It is also very important to note that at the beginning of the grieving experience, there is a difference between denial and disbelief. Each can affect a bereaving pet parent as follows.
Denial and disbelief are two separate responses to the initial shock of the death of a dearly beloved pet. Denial is a mental reaction that occurs when the mind categorically refuses to accept something too painful to bear. It is a temporary psychological reaction that unconsciously switches off reality when the facts are too upsetting to accept. Disbelief is a conscious doubt to admit the fact that the pet has died. The client does not like that truth, is often stunned by it, and finds it most challenging to process it. Disbelief is always the first one to occur, followed by denial. Both are normal initial stages of mourning. Denial and disbelief usually are the briefest of all the stages of grief, both necessary to the process of grieving and healing. The difference between denial and disbelief is the following.
Denial functions as an unconscious circuit breaker that is triggered when the stress is too extreme for the mind to bear. When a client is in denial they are in a fantasy that the pet is not really dead. They refuse to admit it. During disbelief, the client recognizes the truth, yet a part of them still does not want to embrace it nor believe it. When the client is in disbelief, they feel in a daze as the truth has not yet sunk in. Denial is a protective fantasy that shields the client from the initial shock. During denial the client not only avoids acknowledging their beloved pet’s death, but they also passionately hope and wish for their return. Fueled by that hope, they may sometimes “bargain” with God and they might even contact pet psychic. Once the initial shock subsides, and once the reality sets in, so does the pain.

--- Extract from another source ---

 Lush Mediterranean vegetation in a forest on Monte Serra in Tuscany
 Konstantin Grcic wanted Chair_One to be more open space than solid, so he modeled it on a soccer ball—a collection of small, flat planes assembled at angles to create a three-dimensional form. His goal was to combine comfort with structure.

With the death of a pet there is no “closure” rather there is “resolution”. This is how we can help the bereft pet parent to work toward this stage?
Resolution is the final stage of bereavement. It is the time when the client gets to keep the memory of their beloved companion, while being able to let go of the sharp pain and anguish they have been experiencing until now. It is when they learn to live with the pain of the loss. Resolution is the time when the client is able to shift from feeling like a victim to honoring their pet’s precious brief life. Those heartwarming memories allow the bereaver to experience a new depth of love for their special companion.
We now use this term instead of “closure” because, in psychology, “closure” is usually related to finding a solution to a problem. That is not a good choice when applied in reference to the loss of a dear one. The concept of “closing” is utterly intolerable to an anguished pet-owner who has just lost their special companion. When the bereft client feels threatened by anything that might invalidate what they are going through, they are likely to close off and even walk away. Those are reasons why we use the term “resolution” instead of “closure”. We help the pet parents work toward this last stage by supporting them in realizing that they can be celebrants of their special companions’ lives. We help them also by reassuring them that it is normal that they will feel some of that pain in the future - even at seemingly random times. Like waves of the ocean that come and go, it is expected they will tear up again and again as they heal and continue their lives. There will not be a day that they do not miss their beloved companion. The grief counseling with a pet bereavement counselor will support them with healthy coping skills so that they learn to live with that hole in their heart, with the love and the loss finding a way to co-exist.